My loving wife bought me a new pair of shoes, black loafers, shoes I really do not need. “I could bring them back but I really want you to keep them,” she said as I began to complain.

 

 

Shackleton’s Phrase

Life is a travail, a dark uncertain wood,
I remind myself to remind my wife.
You must keep slugging your way through
relentlessly, but with grace and dignity,
in order to get to the end intact,
and able to hold your head up
and honestly say as you look back,
(as Shackleton could) “I have done my best.”

 

 

 

Back in the Middle Ages

“Say, Doc?” I grimace
as he yanks the stitches
out of my jagged red hernia scar
(though curiously it doesn’t hurt).
“What happened
when someone had a hernia
and needed surgery like this way back
in the Middle Ages?”
He brushes
my incision carefully
with an alcohol wipe.
“They died,” he says,
as he strides out of the room.

 

 

Egret

Tall gray bird, an egret I think, standing
in the shallows of a small pond over
in the fields behind the high school, poised,
quiet, elegant, intensely focused,
his head with its long beak
snapping suddenly like a whip
into the water, stabbing at one
of the innumerable, plump,
brown tadpoles beginning to kick
their frog legs.

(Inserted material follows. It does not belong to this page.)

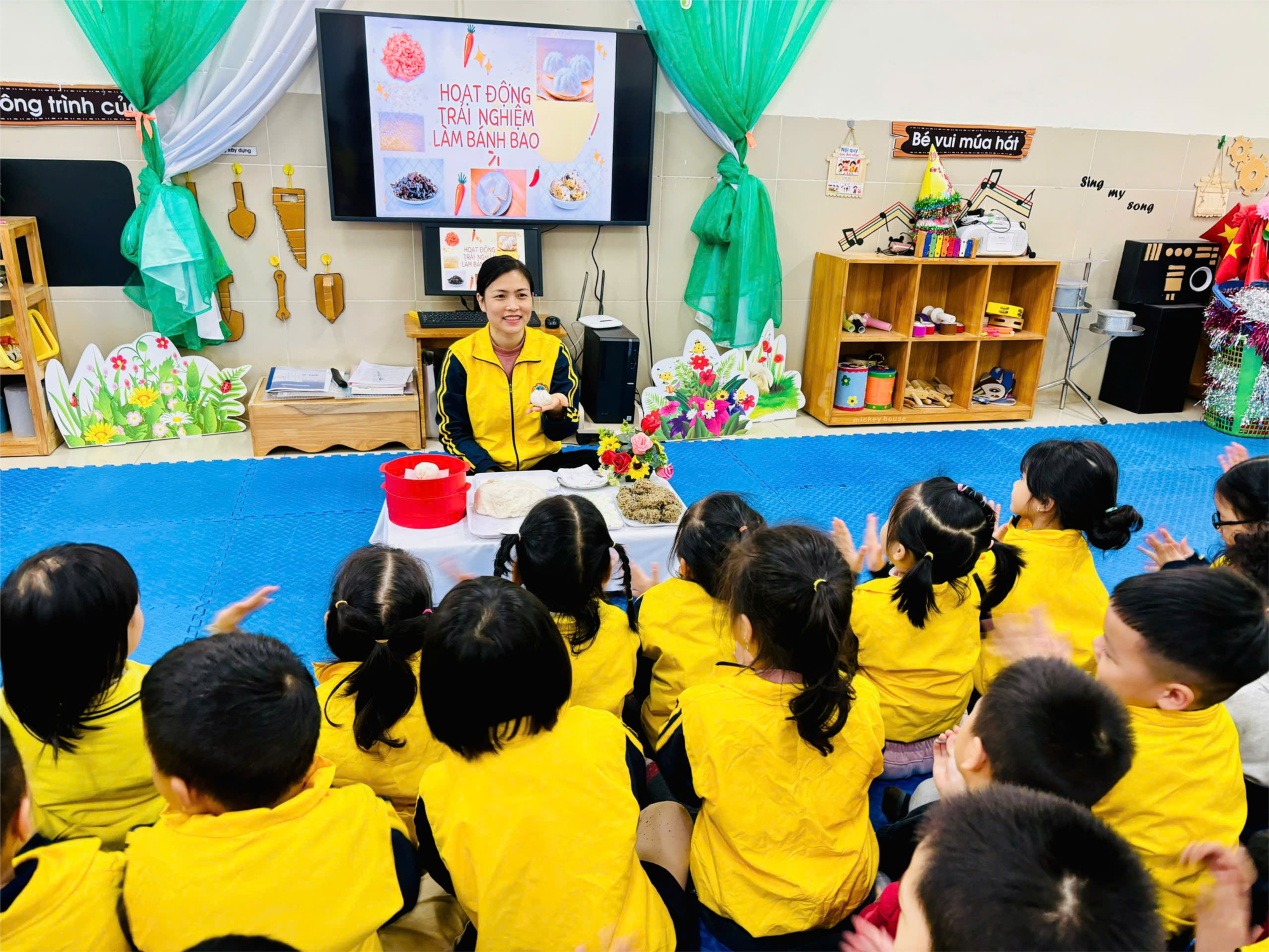 Các con hiểu được để làm ra chiếc bánh bao thơm ngon cần có các nguyên liệu và dụng cụ như: Bột mì, thịt lợn xay, mộc nhĩ, miến, ngũ vị hương, gia vị, dụng cụ hấp bánh, giấy nến. Dưới sự hướng dẫn của cô giáo, các con đã có kỹ năng nhào bột, chia bột xoay tròn, ấn bẹt tạo hình làm ra chiếc bánh bánh bao đẹp mắt.

But he misses, comes
up dry, his beady eyes staring down
into the dark water, incredulous
at having missed and, if
I didn’t know better, a little
bit embarrassed about it too.

 

 

because of the encumbrance of material things

filthy rusting stove at curbside being
thrown away by the inhabitants
of an old dilapidated shack
in back and I think that all
of us should remember
to throw-out our old stoves

 


Perspective

Sitting in Dr. de Mare’s waiting room
(Or is it waiting in
Dr. de Mare’s sitting room?) reading
an article in Scientific American
about exploding galaxies.
When galaxies explode there follows
a rather hard-to-comprehend rend
in the fabric of the universe,
everything flung in all directions
at the speed of light for millions and millions
of light years, incredibly massive destruction
of anything and everything
ever created or even imaginable.
And I’m waiting here for the doctor
to describe how he’s going to repair
the rend in the musculature
of my lower right abdominal wall,
my little inguinal hernia with
its lumpy bulge and
searing pain that’s been keeping me
out of work and up at night.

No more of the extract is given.